Aar : Petit cours d’eau au nord de Strasbourg. Par son nom, il trouve sa place dans une grande famille. Il existe en effet une autre Aar en Suisse, qui prend sa source au Saint Gothard. Son nom antique *Araura, a servi à nommer la tribu des Rauraques (*Araurakes ). On sait même comment ces derniers appelaient leur territoire : Nantaror, « vallée de l’Aror ». La Saône, avant de porter le nom de Succona, s’appelait Arar, et la Ruhr, qui a servi à nommer la grande zone industrielle allemande, était également à l’origine une *Araura. Notre Aar strasbourgeoise porterait donc un nom celtique, voire pré-‐celtique ? Le sens de l’hydronyme reste pourtant obscur. Signalons ici l’ancien nom de Rohrbach : Raurebacya (696). S’agissait-‐il d’une autre araura qu’on aurait prolongée d’un bach germanique ? Ameisenfluth : littéralement « flot des fourmis ». Ce petit cours d’eau est signalé par Silbermann, qui le dit issu du Blumengiessen. Voir plus bas, Fluth. Andlau : Rejoint l’Ill à Ohnheim. 912 : Antalaha rivus. A été expliqué par le germanique aha, « eau ». Mais que signifiait Antal- ?

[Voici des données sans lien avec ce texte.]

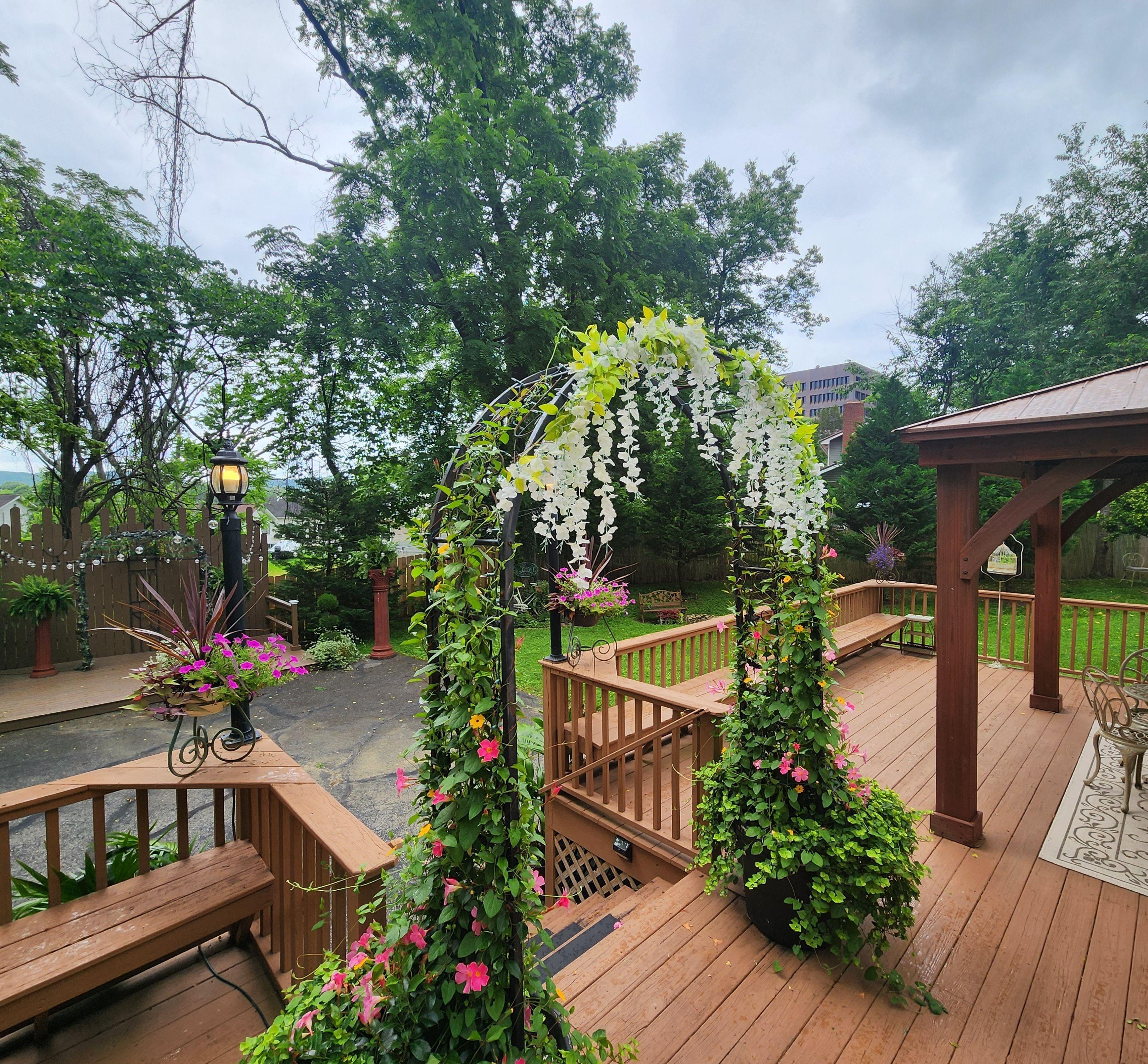 Step onto our elevated wooden deck, a charming outdoor space that seamlessly blends rustic warmth with natural beauty. This inviting area features a grand floral-draped archway blooming with delicate white wisteria and vibrant pink petals, creating a picturesque entrance or ceremony focal point.
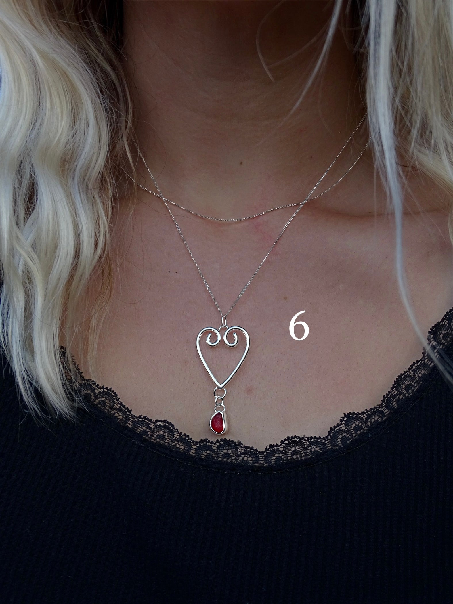 6 • swirly heart with red seaglass. paired with a 16” chain.
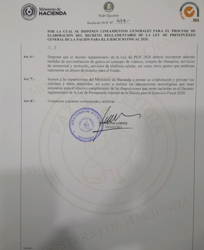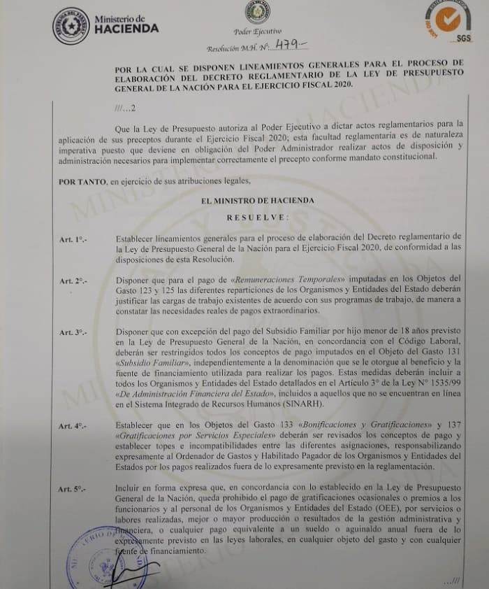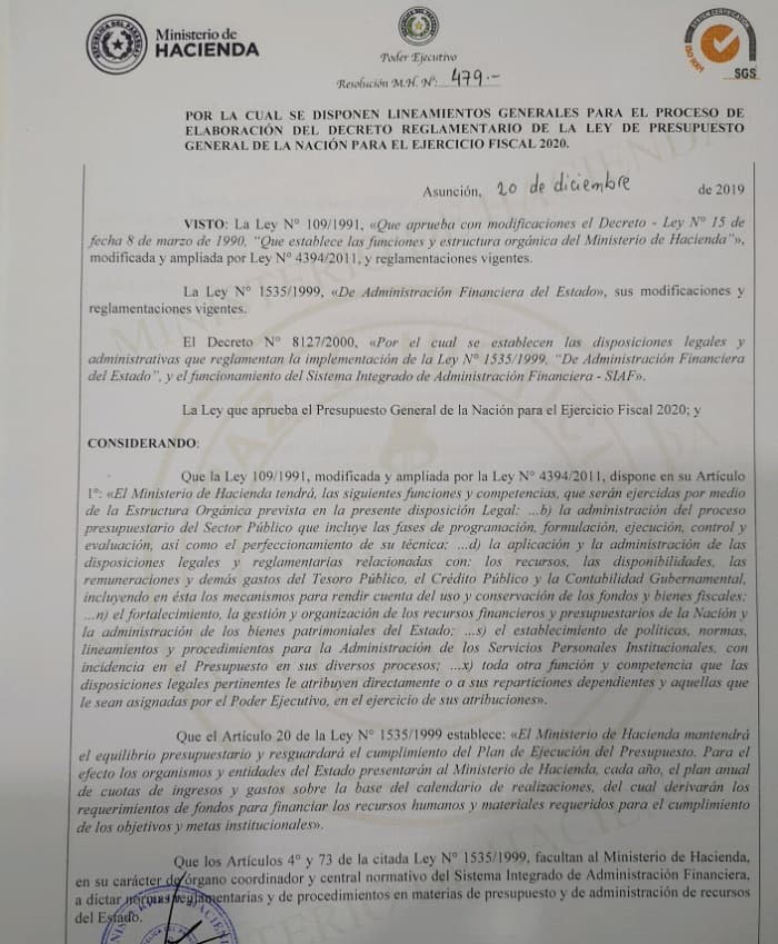 El Ministerio de Hacienda emitió este viernes la resolución MH N° 479 con la cual se establecen los lineamientos generales para el proceso de elaboración del Decreto Reglamentario de la Ley de Presupuesto General de la Nación (PGN) para el ejercicio fiscal 2020.
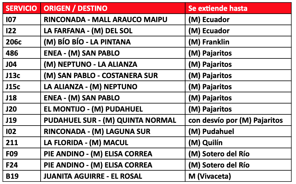 Desde hoy Metro y MetroTren Nos Alameda extenderá sus operaciones hasta las 21:00 hrs por lo que los servicios de buses de apoyo se extenderán hasta las 21:30
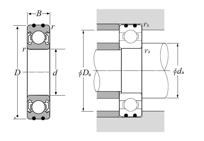 | AC轴承 - 双面防尘盖 - 尺寸 | |
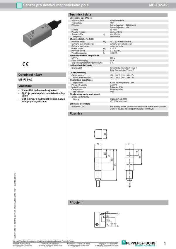 Czujnik pola magnetycznego Pepperl+Fuchs MB-F32-A2 037712 1 szt.
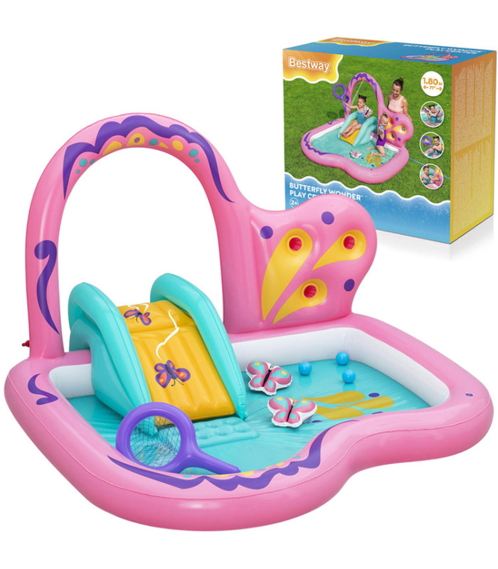 Bestway Vandens Žaidimų Aikštelė MOTYLEK 180x180x117 cm su čiuožykla ir priedais
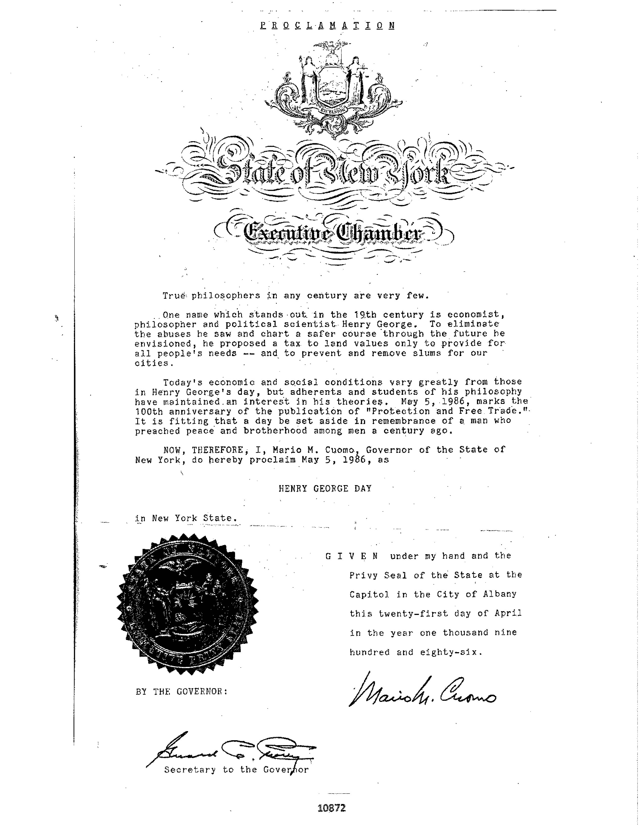 State of New York Henry George Day Proclamation, May 5, 1986_1

La sortie du Rheingiessen, avec son pont et la Redoute. A droite, le cours principal du Rhin avec, au loin, le pont. D’après W. Hollar, ou presque.
Blumengiessen : Ce « canal des fleurs » se jetait jadis dans l’Ill près de la maison du péage. Il a été condamné par la construction de la citadelle. On le connaît aussi sous le nom Wührgiessen. Un wühr était un barrage permettant de détourner un cours d’eau. Bruche : Alsacien : d’ Brysch. Ald : Breusch. 661 : Brusca. 826 : fluvius Prusca. Il aurait existé une forme Brinusca. Ce cours d’eau traverse toujours Strasbourg sous le nom d’Ill. Le sens reste obscur. Dorfgraben: « fossé du village ». Ce lieu-‐dit apparaît sur nombre de cadastres autour de Strasbourg. Les villages n’ayant pas droit à un rempart (qui aurait fait d’eux des villes), ils s’entouraient d’un fossé (graben) doublé d’une clôture (itter). Ehn: cours d’eau qui a donné leur nom à Obernai et Niedernai : (Ober/ehn/heim ; Nieder/ehn/heim). Il pourrait s’agir d’un hydronyme très ancien. On l’a rapproché de l’ancien germanique aha, mais il pourrait aussi être celtique : penser à l’Inn , anct. Aenus, en Autriche. Fluth : ancien chenal reliant le Rhin à Strasbourg et jadis utilisé par les convois de bois provenant de la Kinzig. En 1778, un barrage a coupé la Fluth, interdisant le flottage. Elle est encore visible sur le terrain. Ergelsenbach: au nord d’Hindisheim. 834 : Argenza. Voir art. Ill. Gerbergraben : « Fossé des Tanneurs ». Ce fossé qui traversait Strasbourg a été comblé dans les années 1840. Il servait à la navigation, mais aussi à l’évacuation des déchets. On en trouve encore des traces dans le quai de la place B. Zix et dans le quai Lezay-‐Marnésia, sous la forme de voûtes.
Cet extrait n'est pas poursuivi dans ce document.